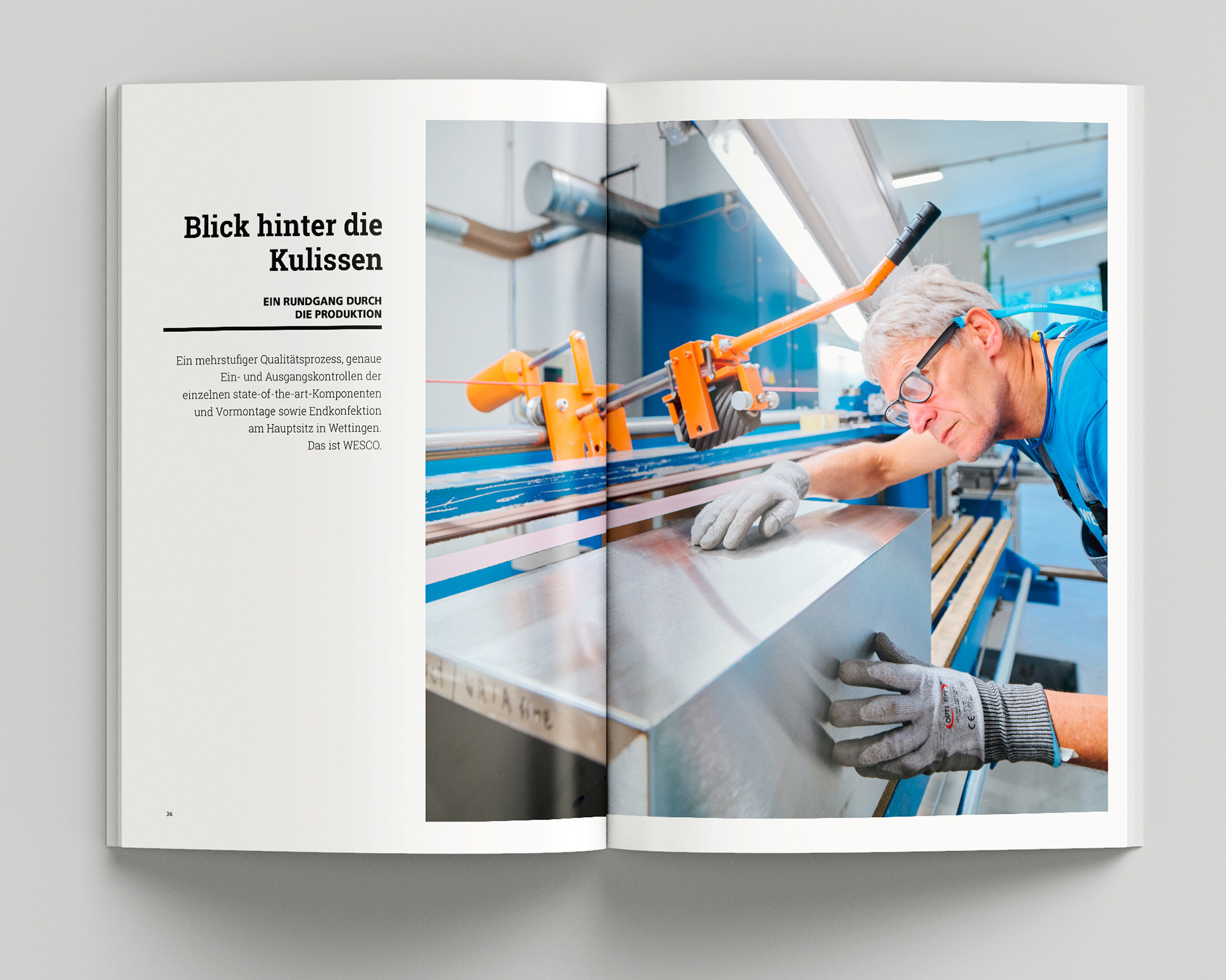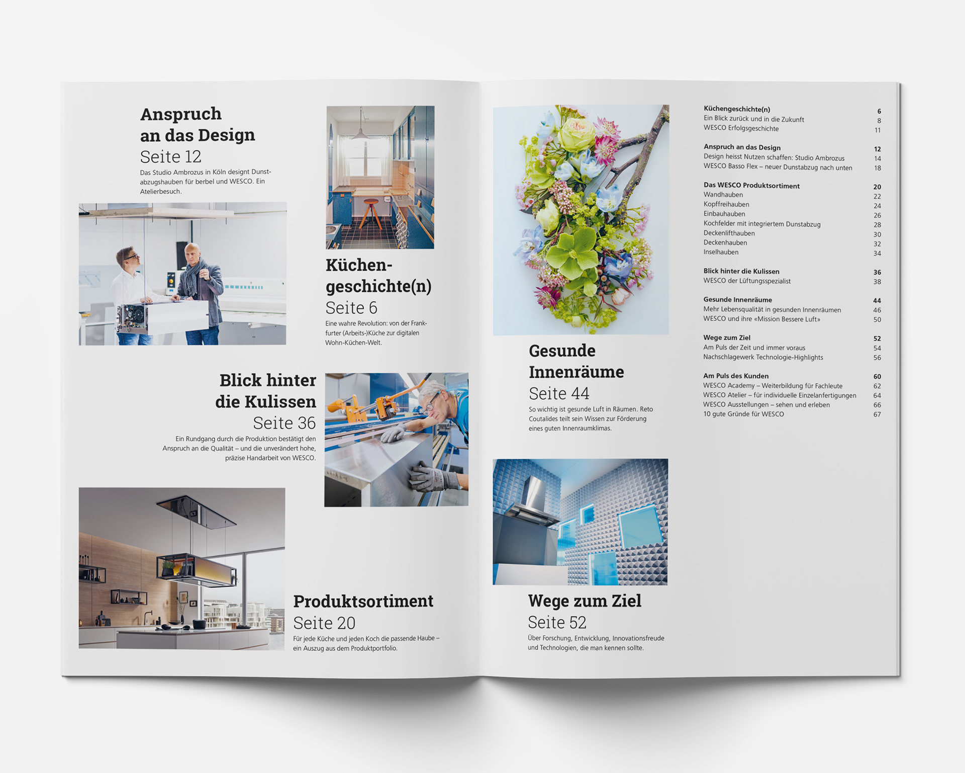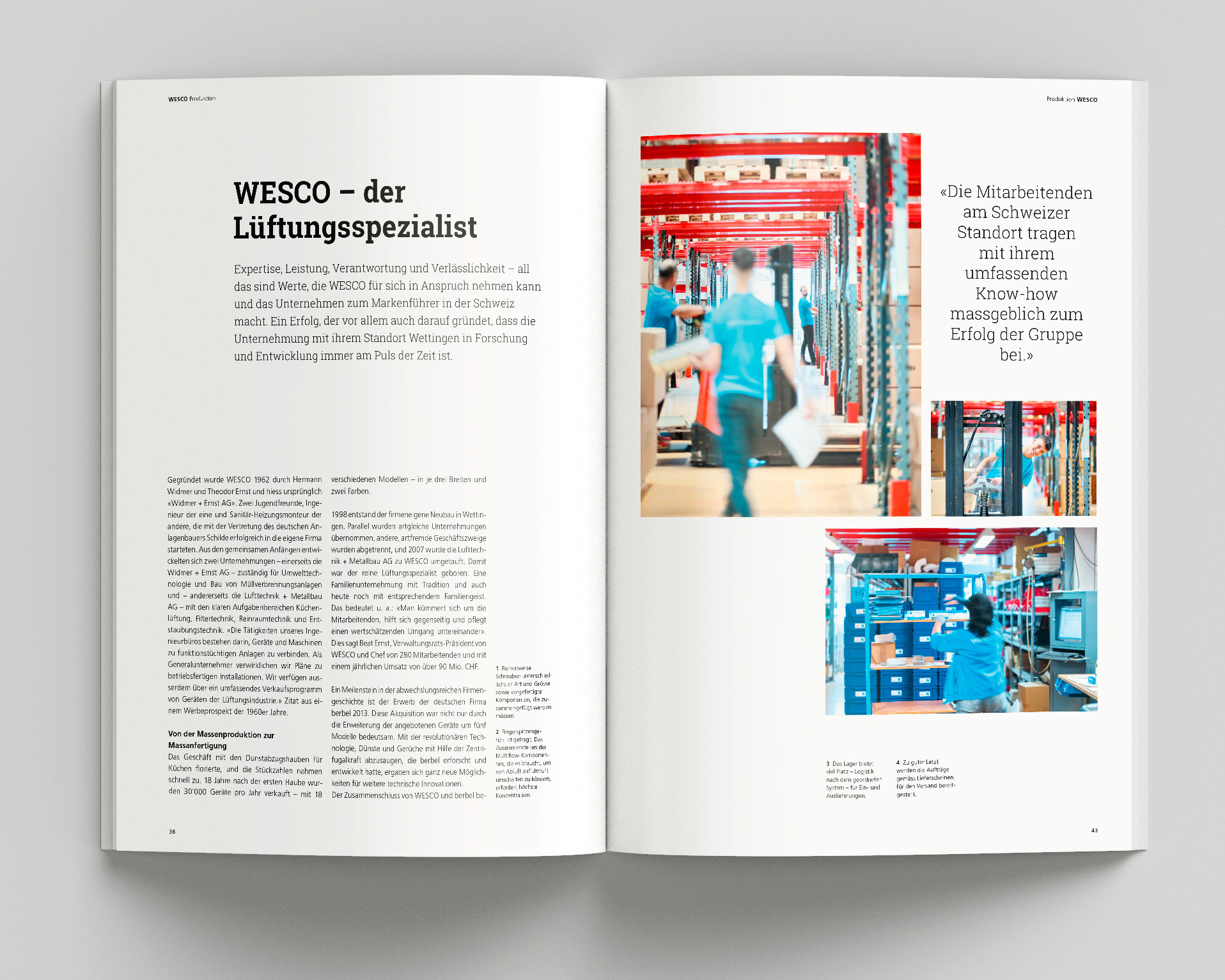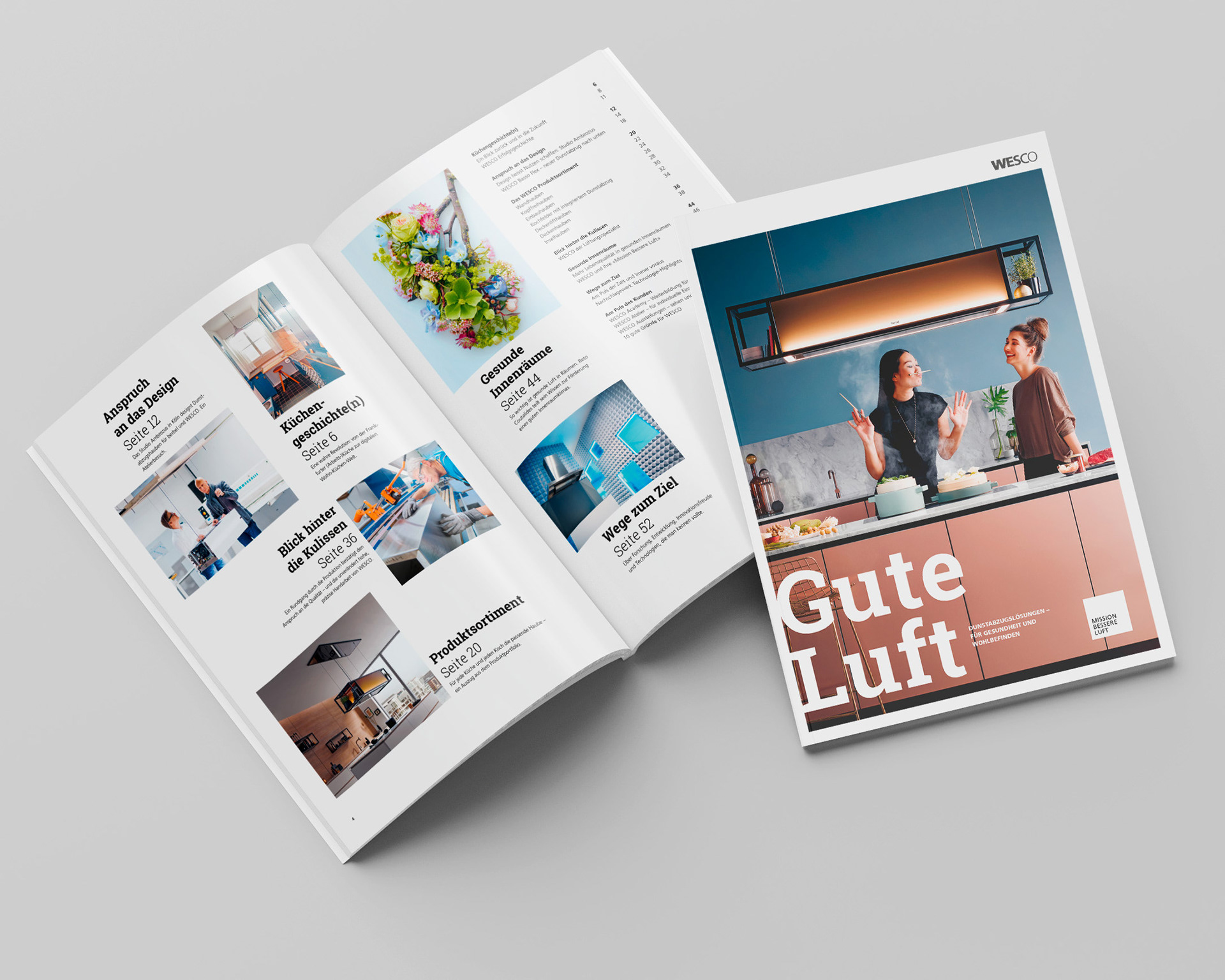 WESCO ist ein Schweizer Spezialist für Lüftung & Luftfiltration, mit dem Hauptsitz in Wettingen. Die Broschüre „Gute Luft“ vermittelt spannende und informative Inhalte rund um Küche, Luft, Design und Produkte. Ziel war es die Expertise von WESCO anschaulich zu präsentieren und den Leser auf ansprechende Weise zusätzlich über die Produkte und Lösungen des Unternehmens zu informieren.
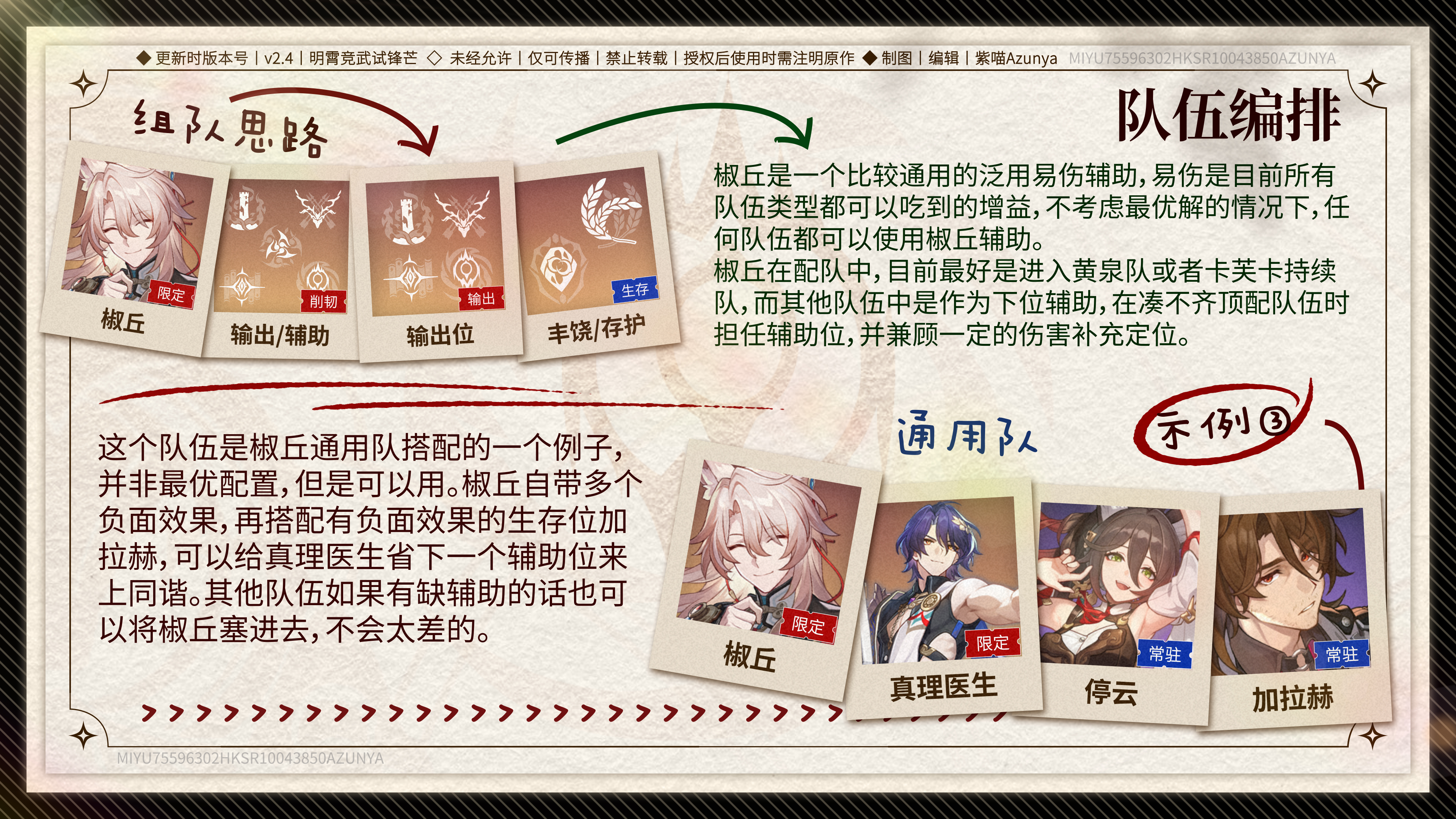 这是一个椒丘通用队的例子,虽然不是最完美的配置,但也能用!椒丘自带多个负面效果,搭配同样能上debuff的加拉赫,可以解放真理医生的辅助位,让他能安心输出。总而言之,如果你队伍里缺辅助,又实在找不到更好的人选,那就把椒丘塞进去吧,至少不会太拉胯!
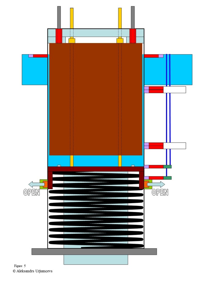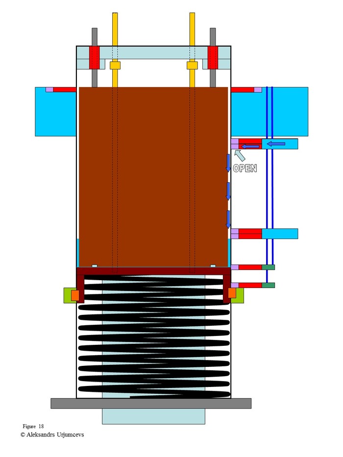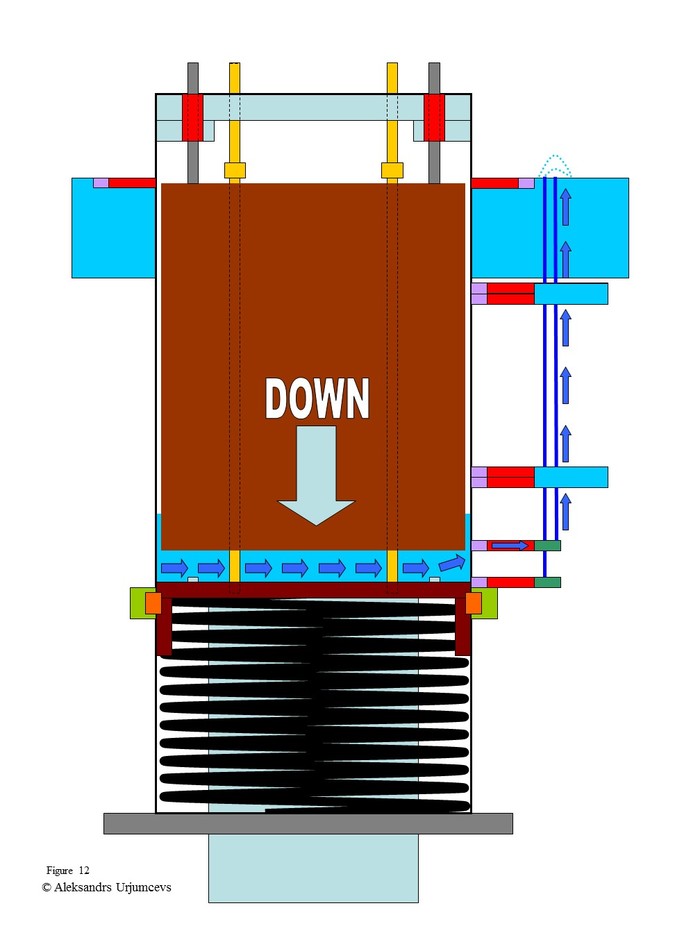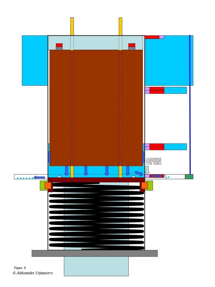 Далее, рисунок 6, под давлением столба жидкости, который к тому же возрастает, пружина, удерживающая поршень, прогибается и поршень опускается вниз.
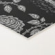 A darkly romantic and macabre seamless pattern featuring intricate illustrations of thorny rose bushes, blooming roses, spiderwebs with spiders, and skeletal hands emerging from the earth. The monochromatic black and white design creates a vintage, gothic, and slightly spooky aesthetic.
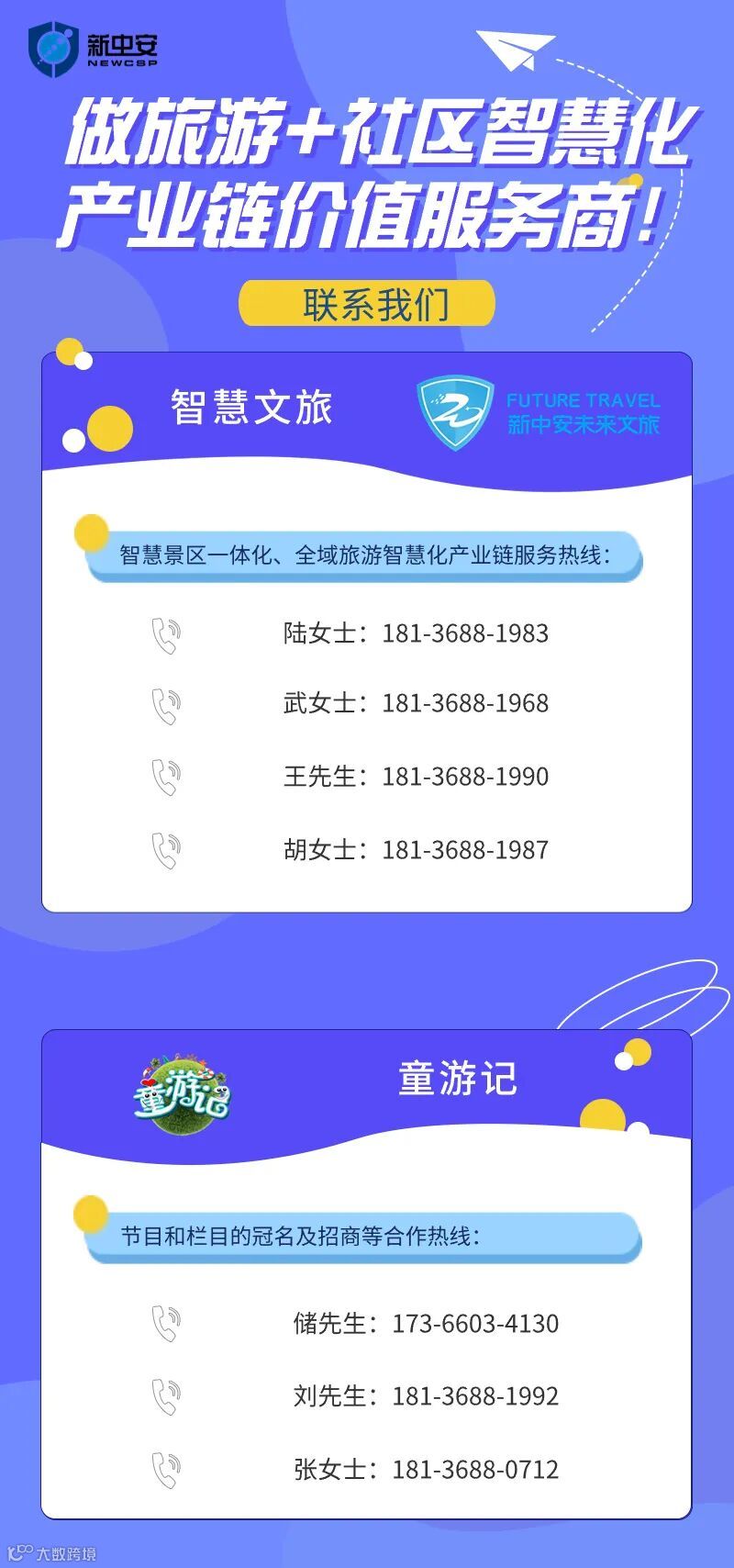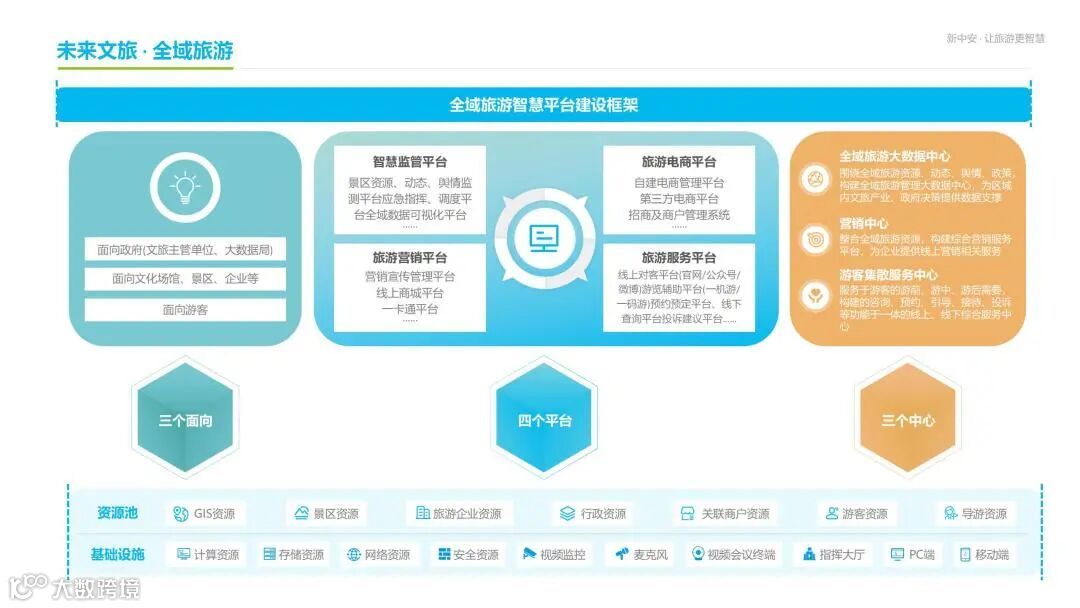 新中安构建文旅新生态,围绕文旅行业开展“五化”(数智化、便民化、场景化、品牌化、运营化)业务,构建“一体”(策划设计、系统开发、项目实施、品牌营销、运营服务)化的交钥匙工程,推动文旅数智化、便民化、场景化、品牌化、运营化、一体化变革,成为文旅行业提供数智化场景应用与一站式价值服务商。
* * * * * * * * *
**Problem details**
Output each record above exactly as it stands, excluding all pictures.

**Answer box**
 WESCO ist ein Schweizer Spezialist für Lüftung & Luftfiltration, mit dem Hauptsitz in Wettingen. Die Broschüre „Gute Luft“ vermittelt spannende und informative Inhalte rund um Küche, Luft, Design und Produkte. Ziel war es die Expertise von WESCO anschaulich zu präsentieren und den Leser auf ansprechende Weise zusätzlich über die Produkte und Lösungen des Unternehmens zu informieren.
 这是一个椒丘通用队的例子,虽然不是最完美的配置,但也能用!椒丘自带多个负面效果,搭配同样能上debuff的加拉赫,可以解放真理医生的辅助位,让他能安心输出。总而言之,如果你队伍里缺辅助,又实在找不到更好的人选,那就把椒丘塞进去吧,至少不会太拉胯!
 Далее, рисунок 6, под давлением столба жидкости, который к тому же возрастает, пружина, удерживающая поршень, прогибается и поршень опускается вниз.
 A darkly romantic and macabre seamless pattern featuring intricate illustrations of thorny rose bushes, blooming roses, spiderwebs with spiders, and skeletal hands emerging from the earth. The monochromatic black and white design creates a vintage, gothic, and slightly spooky aesthetic.
 新中安构建文旅新生态,围绕文旅行业开展“五化”(数智化、便民化、场景化、品牌化、运营化)业务,构建“一体”(策划设计、系统开发、项目实施、品牌营销、运营服务)化的交钥匙工程,推动文旅数智化、便民化、场景化、品牌化、运营化、一体化变革,成为文旅行业提供数智化场景应用与一站式价值服务商。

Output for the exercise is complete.